Já na visão do psiquiatra Paulo Amarante, uma das principais referências do movimento brasileiro de reforma psiquiátrica, não há evidências científicas suficientes sobre os efeitos colaterais do uso da ECT. Ele teme ainda um mau uso desse instrumento, uma vez que costumava ser utilizado como “castigo” a alguns pacientes no passado.

“O mecanismo de ação da ECT não é conhecido. Há dezenas de teorias, mas nenhuma é consensual. Só o que se sabe é que o tratamento provoca convulsão, uma grave agressão ao sistema nervoso”, afirma Amarante, pesquisador do Laboratório de Estudos e Pesquisas em Saúde Mental e Atenção Psicossocial (Laps) da Fiocruz e presidente de honra da Associação Brasileira de Saúde Mental (Abrasme).

“A sensação de letargia ou torpor gerada pela convulsão provoca uma melhora do quadro de agitação, mas a psicose não se reduz a isso. Portanto, em hipótese alguma, é um tratamento para ela”, defende.

Apesar das posições distintas no debate sobre o uso da ECT, ambos os especialistas criticam o teor da nota do Ministério da Saúde.

A diretora do Ipub acredita que a proposta foi inserida como uma provocação política aos defensores da reforma psiquiátrica, pois sua aplicação seria quase impossível, dada a inexistência da estrutura necessária. Ela defende que o documento seja analisado com calma, para evitar reações precipitadas, mas se diz contrária à abordagem da saúde mental como um tema estritamente médico, que prevalece no texto.

“Hoje, temos estudos mostrando que o tempo de internação no Centro de Atenção Psicossocial (Caps) é muito menor do que no hospital psiquiátrico e também em comparação com os hospitais gerais. Na favela da Rocinha, o número de internações praticamente zerou com a instalação de uma Clínica da Família e um Caps.
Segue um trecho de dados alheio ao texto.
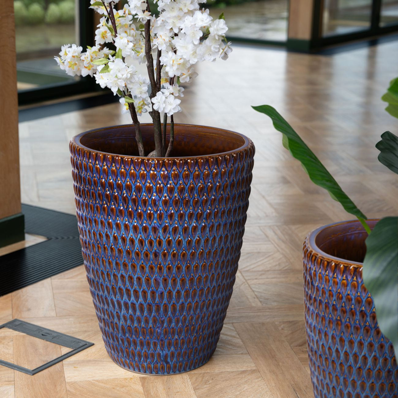 Introducing our Mediterranean Reactive Glaze Ceramic Planter XL in Blue. Elevate your indoor space with this captivating piece, featuring a reactive glaze reflecting azure blues, earthy browns, and subtle bronze hues. Designed with an exquisite raised teardrop surface, each curve embodies refined elegance. Perfect for showcasing botanical treasures, adding serenity to any interior. Indoor use only. Explore our full Mediterranean collection, including five additional Planters, three Ginger Jars, and three decorative Bowls.
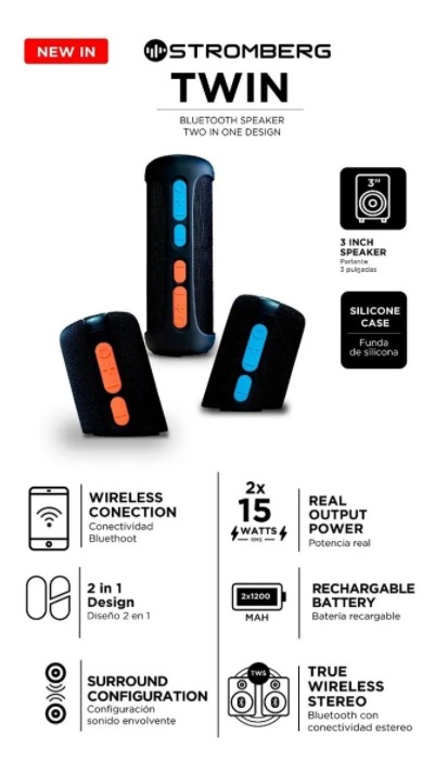 Mini Parlantes Stromberg Twin Bluetooth 2 En 1 Inalambricos
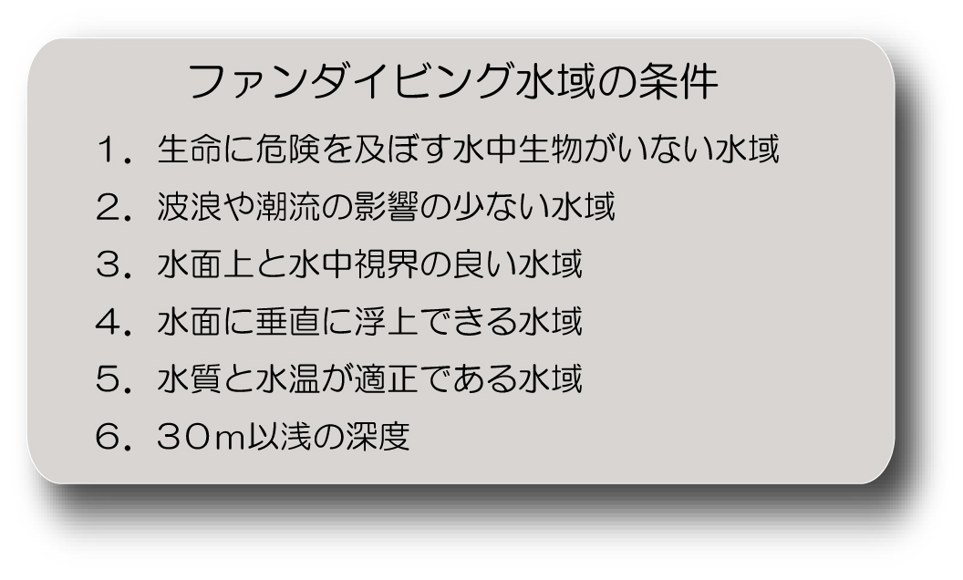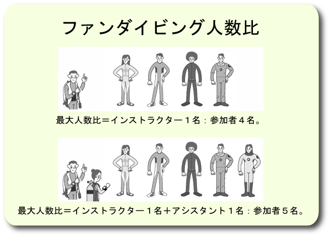 ファンダイビングの引率は、下記の条件で行いましょう。 アシスタントとは、アクティブステイタス(会員資格の維持+賠償責任保険加入)を持つダイブプロフェッショナルです。 アシスタントを2名以上用いた場合は、アシスタントが1名以上増えるたびに参加者を1名増やすことができます。 また、上記の条件に加えて、ファンダイビング参加者がその環境や状況に適した下記のコースを受講修了しているか確認する必要があります。 最大水深が12mを越えるダイビングの場合にはオープンウォーターダイバーコースを、最大水深が20mを越えるダイビングの場合にはディープダイビングスペシャリティコースを、ボートダイビングの場合にはボートダイビングスペシャリティコースを、夜間潜水の場合にはナイトダイビングスペシャリティコースを、ドライスーツを使用するダイビングの場合にはドライスーツスペシャリティコースを、ナイトロックスガスを使用するダイビングの場合にはナイトロックススペシャリティコースを、受講修了してる参加者のみを、ファンダイビングに引率することが大切です。

Com essa estrutura, o atendimento é capilarizado e se aproxima das pessoas”, explica Tavares.

“A questão é para onde vai o dinheiro, no contexto do orçamento restrito do ministério. No Caps ad III, destinado a pacientes com transtornos decorrentes de dependência em álcool e drogas, as principais necessidades trazidas são banho, comida e repouso. Para uma mulher que ficou meses num contexto de crack, isso é tudo o que ela precisa”, diz.

Amarante lembra que casos extremos, como os dos pacientes tratados com ECT, não podem direcionar uma política pública. Ele considera injustificável priorizar o financiamento de um tratamento periférico no atendimento de saúde mental, enquanto faltam itens básicos na rede, como medicamentos e materiais clínicos. Por isso, questiona os interesses que estariam guiando esse debate no ministério.

“Se estivéssemos falando da compra de aparelhos de raio-x para colocar em centros de saúde, aparelho que pode detectar a tuberculose e outras doenças pulmonares, de operação fácil, seria compreensível”, compara.

“Investir na compra de um equipamento caríssimo, usado em situações tão específicas, dá a entender que existe uma pressão da indústria que produz essas máquinas”, suspeita o psiquiatra.

DW Brasil tentou ouvir o Ministério da Saúde, mas a assessoria de imprensa alegou não haver disponibilidade na agenda da autoridade responsável para falar sobre o tema. Em nota, a pasta informou que o documento não se trata de consolidar “como será [a Política Nacional de Saúde Mental], e sim uma discussão sobre como a política está”.

O ministério também comunicou que a ECT não consta na tabela do SUS, e a compra do equipamento passou a integrar a Relação Nacional de Equipamentos e Materiais Permanentes financiáveis pelo SUS em março de 2018. Por fim, o órgão ressalta que o uso do tratamento deve seguir as orientações do Conselho Nacional de Medicina.